The Court held specifically that neither the defendant’s disclaimers, nor the literal truth of the solicitations, constituted a defense to any of the plaintiffs’ claims. Id. at 84.
Miller was pre-dated by the case of Barry v. Arrow Pontiac, 193 N.J. Super 613 (1984), (App. Div. 1984), wherein the Appellate Division held that the automobile dealership advertising “dealer invoice” prices was inherently deceptive. The Court held as follows:
“When a dealer advertises that he is selling a car for what it costs, the reader can easily be misled into believing that if he purchased the car, he would be getting a bargain, not realizing that the advertiser’s idea of the cost may include a portion of overhead and payment to manufacturers, which would be later refunded.”
As can be seen by the applicable case law, the New Jersey Courts have a long history and strong tradition of prohibiting deceptive conduct.
In respect of what constitutes an “unconscionable commercial practice, this Court explained in Kugler v. Romain that unconscionability is “an amorphous concept obviously designed to establish a broad business ethic.” The standard of conduct that the term “unconscionable” implies is lack of “good faith, honesty in fact and observance of fair dealing.” Id. at 544, 279 A.2d 640.106. See Herner v. House of America,349 N.J.Super 89 (App.Div 2002)
The model civil jury charge defines the following:
“Deception” is conduct misleading to an average consumer. It does not matter that at a later time it could have been explained to a more knowledgeable and inquisitive consumer, nor need the conduct or advertisement actually have misled the plaintiffs. The fact that the defendants may have acted in good faith is unimportant. It is the capacity to mislead that is important.
“Unconscionable commercial practice” is an activity in the public marketplace which is basically unfair or unjust and/or which materially departs from standards of good faith, honesty in fact and fair dealing. To find a commercial practice to be unconscionable, there should be factual dishonesty and a lack of fair dealing.
“Fraud” is a perversion of the truth, a misstatement or a falsehood communicated to another person creating the possibility that the other person will be cheated
See the model jury instruction for consumer fraud section 4.23
The term unconscionable must be interpreted liberally to effectuate the remedial purpose of the Consumer Fraud Act. Associates Home Equity Services v. Troup 343 N.J.Super 254, 278 (App.Div 2001).

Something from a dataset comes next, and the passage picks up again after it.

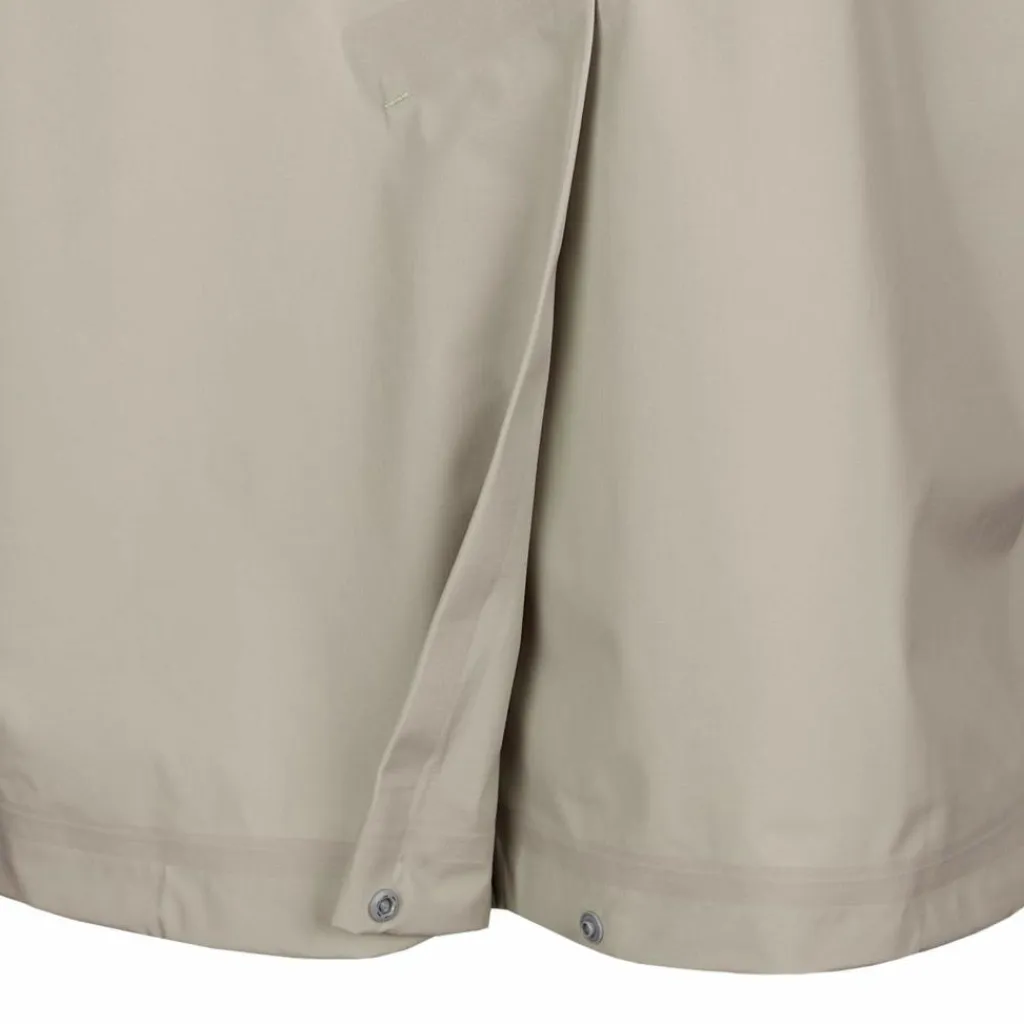 Trotz hoher Funktionalität bleibt der Komfort bei der Regenjacke nicht auf der Strecke. Die bequeme Passform gibt dir Bewegungsfreiheit und macht die Hardshell zu einem echten Allrounder für das ganze Jahr. Denn durch den Schnitt passt problemlos eine kuschligwarme Zwischenschicht drunter. Durch den unterlegten 2-Wege-Front-RV und die tiefe Falte am Rücken gewinnst du noch mehr Bewegungsspielraum.

Similar principles have been affirmed in the Federal system. In Kraft v. F.T.C., 970 F. 2d. 311, 7th. Cir. (1992), the Circuit Court held that the company’s advertisements were deceptive, despite the fact that they were literally true. In Kraft, the defendant claimed that cheese slices had five ounces of milk and, thus, were concentrated with calcium. There was subscript in the advertisement indicating that a cheese slice has 70 percent of the calcium of five ounces of milk. The ad was literally true, but inherently deceptive, nonetheless. The 7th Circuit upheld the FTC’s determination that the ad was misleading and deceptive. Any misrepresentations that are capable of being interpreted as misleading, should be construed against the defendant. See Continental Wax Corp. v. FTC, 330 F. Supp. 475, (2nd Cir. 1964); Simeon Management Corp. v. FTC, 579 F. Supp. 1137 (9th Cir. 1978).